_INSTRUCTIONS FOR THE TASK_. Write down the listing again exactly as it appears below, without its pictures.
### DATA SECTION ###
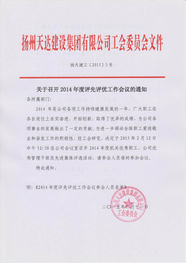 關(guān)于召開2014年度評(píng)先評(píng)優(yōu)工作的通知
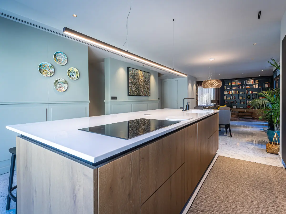 The home is set on an elevated ground floor, where one is welcomed into a beautifully designed open-plan living, dining, and kitchen area, thoughtfully crafted for both everyday living and sophisticated entertaining. The interiors are adorned with exquisite marble flooring in the main living spaces, seamlessly complemented by warm parquet finishes in the bedrooms, creating a perfect balance of refinement and comfort.
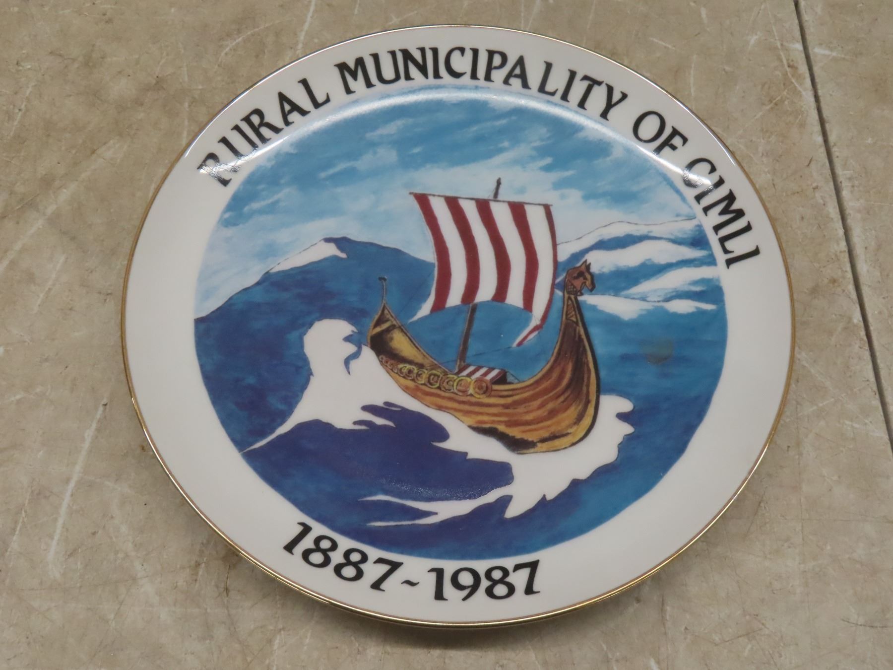 PM of Gimli 1887–1987 Collector Plate and Laser Cut Horse Design, 16" x 16"
###
_ANSWER BOX_.
 關(guān)于召開2014年度評(píng)先評(píng)優(yōu)工作的通知
 The home is set on an elevated ground floor, where one is welcomed into a beautifully designed open-plan living, dining, and kitchen area, thoughtfully crafted for both everyday living and sophisticated entertaining. The interiors are adorned with exquisite marble flooring in the main living spaces, seamlessly complemented by warm parquet finishes in the bedrooms, creating a perfect balance of refinement and comfort.
 PM of Gimli 1887–1987 Collector Plate and Laser Cut Horse Design, 16" x 16"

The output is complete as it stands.